Seorang pria dengan pakaian rapi datang dan menghampiri mereka berdua yang sedang berada di meja makan sambil membenarkan dasinya. Melihat hal itu, Jena segera mendekatinya dan membantunya membenarkan dasi.

"Ayah boleh minta tolong, gak, Bang? Ayah gak bisa jemput Nindi sama Bevan. Abang bisa, gak?" tanya Pratama. Pria yang merupakan kepala keluarga ini.

Yojun mengangguk sambil mengacungkan jempolnya tanda ia mengiyakan, bahwa dirinya yang akan menjemput kedua adiknya menggantikan sang ayah.

...

"Heh, kocak. Lu kenapa nangis?" tanya Yojun sembari memberikan helm pada Bevan.

Sambil memakai helmnya, Bevan bercerita pada Yojun bahwa ada salah satu teman perempuannya yang memukul kepalanya dengan botol minum.

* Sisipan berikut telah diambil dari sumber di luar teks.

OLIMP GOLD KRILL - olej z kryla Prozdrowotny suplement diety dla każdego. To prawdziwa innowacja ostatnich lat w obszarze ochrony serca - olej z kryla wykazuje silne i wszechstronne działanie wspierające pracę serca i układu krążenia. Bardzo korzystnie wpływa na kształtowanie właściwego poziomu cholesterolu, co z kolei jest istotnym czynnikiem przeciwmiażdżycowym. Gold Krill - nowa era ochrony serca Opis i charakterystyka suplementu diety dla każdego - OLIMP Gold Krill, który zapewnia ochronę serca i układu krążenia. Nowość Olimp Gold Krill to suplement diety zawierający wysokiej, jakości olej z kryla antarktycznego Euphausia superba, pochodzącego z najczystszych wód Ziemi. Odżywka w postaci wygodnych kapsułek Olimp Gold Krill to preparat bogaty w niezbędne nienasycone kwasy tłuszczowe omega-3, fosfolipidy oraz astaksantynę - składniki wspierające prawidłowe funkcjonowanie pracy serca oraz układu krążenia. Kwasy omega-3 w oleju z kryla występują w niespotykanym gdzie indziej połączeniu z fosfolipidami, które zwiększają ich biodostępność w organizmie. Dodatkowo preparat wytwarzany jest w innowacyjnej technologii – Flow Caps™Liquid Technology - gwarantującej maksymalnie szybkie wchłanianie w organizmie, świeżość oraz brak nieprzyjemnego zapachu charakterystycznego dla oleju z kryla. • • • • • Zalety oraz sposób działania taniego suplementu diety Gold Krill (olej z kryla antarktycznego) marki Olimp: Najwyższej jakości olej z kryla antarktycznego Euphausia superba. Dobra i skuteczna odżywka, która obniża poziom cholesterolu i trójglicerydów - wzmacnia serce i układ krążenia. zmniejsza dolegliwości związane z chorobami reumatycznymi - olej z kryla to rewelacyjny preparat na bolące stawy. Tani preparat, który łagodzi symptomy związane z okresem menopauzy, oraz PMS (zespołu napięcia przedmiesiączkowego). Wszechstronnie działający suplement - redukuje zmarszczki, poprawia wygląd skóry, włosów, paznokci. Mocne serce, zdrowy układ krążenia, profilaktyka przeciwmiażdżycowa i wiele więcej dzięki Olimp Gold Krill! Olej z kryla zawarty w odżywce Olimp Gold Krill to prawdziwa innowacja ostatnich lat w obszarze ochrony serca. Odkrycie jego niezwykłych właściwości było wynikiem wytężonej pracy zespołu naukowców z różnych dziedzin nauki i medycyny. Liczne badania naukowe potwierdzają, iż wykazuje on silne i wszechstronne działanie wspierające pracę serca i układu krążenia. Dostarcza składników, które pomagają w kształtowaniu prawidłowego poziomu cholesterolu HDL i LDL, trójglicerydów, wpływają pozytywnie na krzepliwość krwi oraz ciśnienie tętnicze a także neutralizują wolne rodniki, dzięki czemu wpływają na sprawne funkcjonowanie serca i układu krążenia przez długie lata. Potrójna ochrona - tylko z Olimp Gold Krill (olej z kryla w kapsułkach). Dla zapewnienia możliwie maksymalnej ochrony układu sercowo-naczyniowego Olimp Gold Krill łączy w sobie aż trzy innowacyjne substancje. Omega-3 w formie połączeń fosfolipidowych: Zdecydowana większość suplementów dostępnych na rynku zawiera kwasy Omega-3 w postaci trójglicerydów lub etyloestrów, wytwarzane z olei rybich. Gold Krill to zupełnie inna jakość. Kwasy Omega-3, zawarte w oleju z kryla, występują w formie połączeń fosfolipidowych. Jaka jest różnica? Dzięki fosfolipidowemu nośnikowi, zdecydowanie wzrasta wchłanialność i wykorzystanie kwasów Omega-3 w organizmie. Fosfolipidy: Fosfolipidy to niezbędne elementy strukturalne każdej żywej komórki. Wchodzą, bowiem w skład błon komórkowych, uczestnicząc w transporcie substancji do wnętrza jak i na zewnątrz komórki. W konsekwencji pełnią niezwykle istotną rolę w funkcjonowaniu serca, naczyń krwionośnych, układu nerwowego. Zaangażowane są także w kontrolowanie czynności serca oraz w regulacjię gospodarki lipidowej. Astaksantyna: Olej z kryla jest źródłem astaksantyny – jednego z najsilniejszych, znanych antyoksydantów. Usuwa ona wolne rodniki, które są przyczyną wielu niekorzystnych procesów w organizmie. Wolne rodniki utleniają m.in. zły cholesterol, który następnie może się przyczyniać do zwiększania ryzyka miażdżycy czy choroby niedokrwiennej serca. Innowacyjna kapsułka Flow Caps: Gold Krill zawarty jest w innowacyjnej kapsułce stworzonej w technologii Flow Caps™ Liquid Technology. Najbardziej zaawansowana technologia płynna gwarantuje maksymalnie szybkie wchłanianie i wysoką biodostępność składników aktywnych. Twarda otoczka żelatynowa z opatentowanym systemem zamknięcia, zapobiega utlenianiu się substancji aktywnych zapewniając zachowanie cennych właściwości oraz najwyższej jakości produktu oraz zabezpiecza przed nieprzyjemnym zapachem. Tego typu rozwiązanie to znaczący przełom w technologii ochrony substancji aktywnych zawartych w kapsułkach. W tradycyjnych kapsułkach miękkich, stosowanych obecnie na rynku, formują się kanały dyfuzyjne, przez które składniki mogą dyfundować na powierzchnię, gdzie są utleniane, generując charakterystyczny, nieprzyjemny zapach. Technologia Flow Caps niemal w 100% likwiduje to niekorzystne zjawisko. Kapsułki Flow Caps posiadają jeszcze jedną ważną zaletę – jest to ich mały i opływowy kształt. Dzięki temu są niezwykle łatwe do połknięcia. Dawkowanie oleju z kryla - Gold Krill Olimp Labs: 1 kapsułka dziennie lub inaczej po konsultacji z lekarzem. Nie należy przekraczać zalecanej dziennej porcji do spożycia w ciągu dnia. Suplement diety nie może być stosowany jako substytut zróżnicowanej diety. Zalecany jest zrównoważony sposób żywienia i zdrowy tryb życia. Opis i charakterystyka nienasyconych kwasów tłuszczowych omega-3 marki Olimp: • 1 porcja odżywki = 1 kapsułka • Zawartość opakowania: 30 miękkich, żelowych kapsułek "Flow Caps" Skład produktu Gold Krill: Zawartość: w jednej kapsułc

Yojun tertawa sedikit saat melihat kepala adiknya yang kecil dan memakai helm miliknya yang cukup besar.

"Kenapa bisa dipukul?"

"Dede gak sengaja megang pantatnya waktu kejar-kejaran sama Rafli," jawab Bevan sambil naik ke atas motor.

Yojun tidak bisa menahan tawanya lagi, ia pun tertawa terbahak-bahak. Bevan yang melihatnya hanya ikut terkekeh dengan hidung yang merah dan masih mengeluarkan ingus.

...

"Abang lama banget jemputnya, kaki Nindi sampai pegal, nih, berdiri terus."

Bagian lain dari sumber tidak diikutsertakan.